Сему-то возвышению отечественных талантов мы должны содействовать, милостивые государи, для их и нашей славы, для их и нашего удовольствия. Слава! Чье сердце, пока живо, может совершенно охладеть к ее волшебным прелестям, несмотря на всю обманчивость ее наслаждений? Пленяя юношу своими лучезарными призраками, венком лавровым и плеском народным, она манит и старца к своим монументам долговечным, к памятникам заслуг и благодарности. Мы желали бы из самого гроба действовать на людей подобно невидимым добрым гениям и по смерти своей еще иметь друзей на земле. Но ежели слава изменяет, то есть другая, вернейшая, существеннейшая награда для писателя, от рока и людей независимая: внутреннее услаждение деятельного таланта, изъясняющее для нас удивительную любовь к трудам и терпение, коему мы обязаны столь многими бессмертными творениями и которое Бюффон называл превосходнейшим даром: ибо не одни сочинители фолиантов, не одни антикварии имеют нужду в терпении: оно, может быть, еще нужнее для великого поэта, для великого оратора или великого живописца природы. "Удаленный от света и (сказал мне, в юности моей, старец Виланд) не имея ни читателей, ни слушателей, в дикой пустыне, среди необитаемого острова, я в восторге беседовал бы с уединенною музою, неутомимо исправляя стихи мои, хотя бы и неизвестные миру". Вот тайна писателей, часто, но не всегда ласкаемых славою! Сильная мысль, истина, красота образа, выразительное слово, внезапно представляясь уму, оживляют душу и питают ее таким чистым, полным, ей сродным удовольствием, что она в сии счастливые минуты забывает всякое иное земное счастие. Когда, в торжественном безмолвии храма и пышного двора Людовикова, указывая на гроб великого Конде, бессмертный Боссюэт гремел священным гласом веры, совлекал блестящие покровы с суетного величия, обнажал ничтожность мирских идолов, унижал гордыню, но возвышал душу откровениями неба: тогда, волнуя сердца, видя везде слезы и сам обливаясь ими, он, без сомнения, наслаждался полнотою чувств своих и действия их на слушателей; но, может быть, еще более наслаждался, когда писал сию вдохновением ознаменованную речь; когда, углубясь в свою душу, черпал в ней сии разительные слова и мысли! Юноши, рожденные с истинными дарованиями! Призываем вас к учению и к трудам: в них найдете для себя благороднейшие, неизъяснимые приятности – награду, которая выше похвал и славы!

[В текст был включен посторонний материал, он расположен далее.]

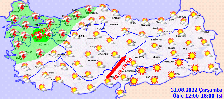 Meteoroloji Genel Müdürlüğü tarafından yapılan son değerlendirmelere göre: Ülkemizin kuzey ve batı kesimlerinin parçalı ve yer yer çok bulutlu, Marmara, Batı Karadeniz (Sinop hariç) ile İzmir, Manisa, Uşak, Kütahya ve Eskişehir çevrelerinin yerel olmak üzere sağanak ve gök gürültülü sağanak yağışlı, diğer yerlerin az bulutlu ve açık geçeceği tahmin ediliyor. Yağışların; Marmara’nın doğusu ve Tekirdağ çevreleri ile Kırklareli’nin kıyı, Çanakkale’nin doğu kesimlerinde yerel olarak kuvvetli olması bekleniyor.

Внутреннее удовольствие любимца муз действует всегда и на душу читателей: они вместе с ним восхищаются умом или сердцем, забывая иногда житейские беспокойства, переселяясь духом в тихий, спокойный мир умозрений, где обитают вечные истины, или вкушая сладость чувств добродетельных, которые одни имеют силу приводить нас в умиление. Видим иногда злоупотребление таланта; но цветы его на ядовитом поле разврата скоро увядают и тлеют: неувядаемость принадлежит единственно благу. В самых мнимых красотах порочного есть безобразие, оскорбительное не только для чувства нравственного, но и для вкуса в изящном, коего единство с добром тайно для разума, но известно сердцу. Низкие страсти унижают, охлаждают дарование; пламень его есть пламень добродетели.

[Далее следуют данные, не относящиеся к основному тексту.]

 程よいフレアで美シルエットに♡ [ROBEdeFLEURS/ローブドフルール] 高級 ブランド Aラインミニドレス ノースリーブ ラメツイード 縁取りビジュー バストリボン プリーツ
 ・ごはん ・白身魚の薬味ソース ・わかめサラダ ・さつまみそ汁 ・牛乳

Будучи источником душевных удовольствий для человека, словесность возвышает и нравственное достоинство государств. Великие тени Паскалей, Боссюэтов, Фенелонов, Расинов спасали знаменитость их отечества и в самые ужасные времена его мятежей народных. Если бы греки, если бы самые римляне только побеждали: мы не произносили бы их имени с таким уважением, с такою любовию; но мы пленялись "Илиадою" и "Энеидою", вместе с афинянами слушали Демосфена, с римлянами – Цицерона. Побеждали и моголы: Тамерланы затмили бы Фемистоклов и Цесарей; но моголы только убивали, а греки и римляне питают душу самого отдаленного потомства вечными красотами своих творений. Для того ли образуются, для того ли возносятся державы на земном шаре, чтобы единственно изумлять нас грозным колоссом силы и его звучным падением; чтобы одна, низвергая другую, чрез несколько веков обширною своею могилою служила вместо подножия новой державе, которая в чреду свою падет неминуемо? Нет! И жизнь наша и жизнь империй должны содействовать раскрытию великих способностей души человеческой; здесь все для души, все для ума и чувства; все бессмертие в их успехах! Сия мысль, среди гробов и тления, утешает нас каким-то великим утешением. – Возвеличенная, утвержденная победами, да сияет Россия всеми блестящими дарами ума бессмертного; да умножает богатства наук и словесности; да слава России будет славою человечества – и да исполнится таким образом желание Екатерины Второй и Александра Первого!

Публицистика

Мелодор к Филалету

Где ты, любезный Филалет? В каком уединении скрываешься? Какие предметы занимают душу твою? Чем питается твое сердце? Что делает тебе жизнь приятною? – И думаешь ли ныне о своем Мелодоре?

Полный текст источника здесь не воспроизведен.